It’s about a 50/50 shot whether what you try will work. That’s not good enough to rely on when you’re away from your desk.
John Voorhees, MacStories, March 2026

The good reason to keep the hands local

Let me argue the other side for a second, because the local design isn’t lazy. It’s the opposite. A cloud agent boots a blank virtual machine somewhere in a data center. It has no idea what’s in your Downloads folder, it isn’t signed into your email, your Notion isn’t connected. To do real work it needs you to upload and re-authenticate everything first. Dispatch skips all of that. It runs where you already live, so it can grab the contract you saved last Tuesday without you uploading a thing.
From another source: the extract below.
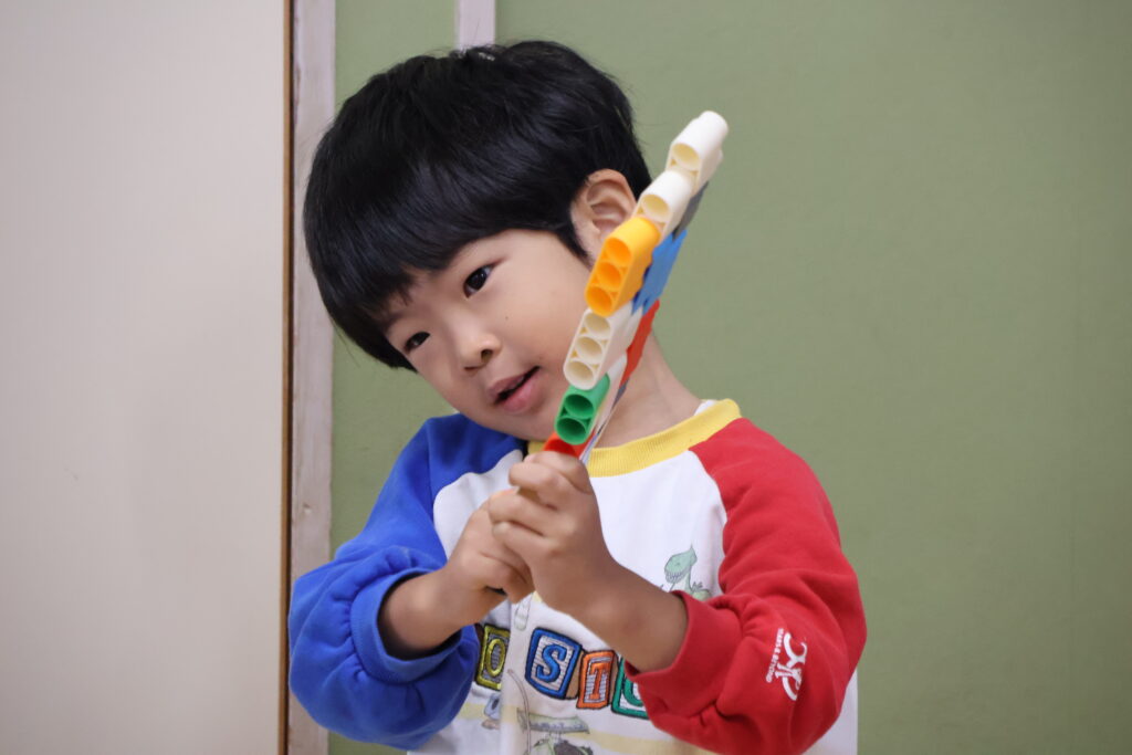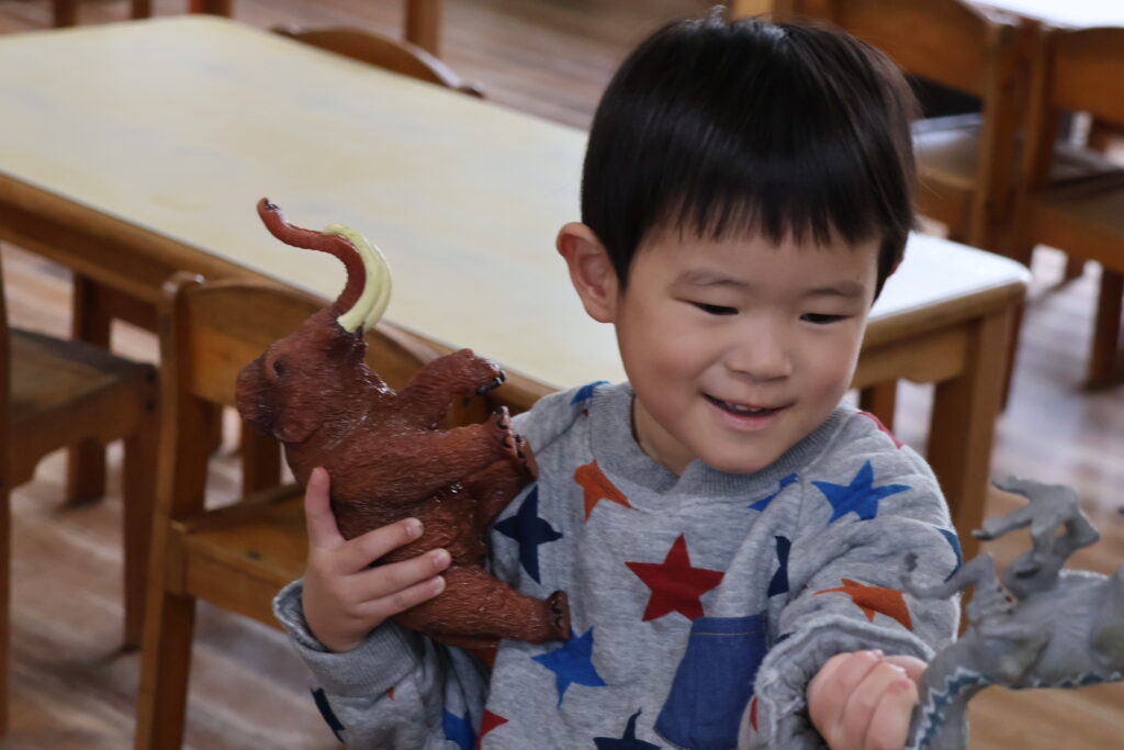 お絵描きをしたり、恐竜のおもちゃで冒険ごっこをしたり、ブロックで色んな形を作ってみたり…

Anthropic’s own description of Cowork leans on exactly this: it runs “where most knowledge work is done: in local files, folders, and the applications people use every day.”[12]

The case for local

  • Touches your real files, the ones you never uploaded anywhere
  • Uses the apps you’re already logged into, no re-authenticating
  • Your connectors (Notion, Slack, calendar) are already wired up

The cost of local

  • The machine has to stay awake, lid open, app running
  • macOS only, one task at a time
  • Whatever’s on your screen is visible to Claude, so it’s your risk

The advantage comes welded to a constraint. To reach your real stuff, Claude has to run on the machine that holds it, and that machine has to be awake. You also hand it a lot of trust. Anthropic warns that Claude can see whatever is on your approved screens, “including personal data, sensitive documents, or private information,” which is why one reporter’s IT department made her run the whole experiment on a throwaway laptop.[8]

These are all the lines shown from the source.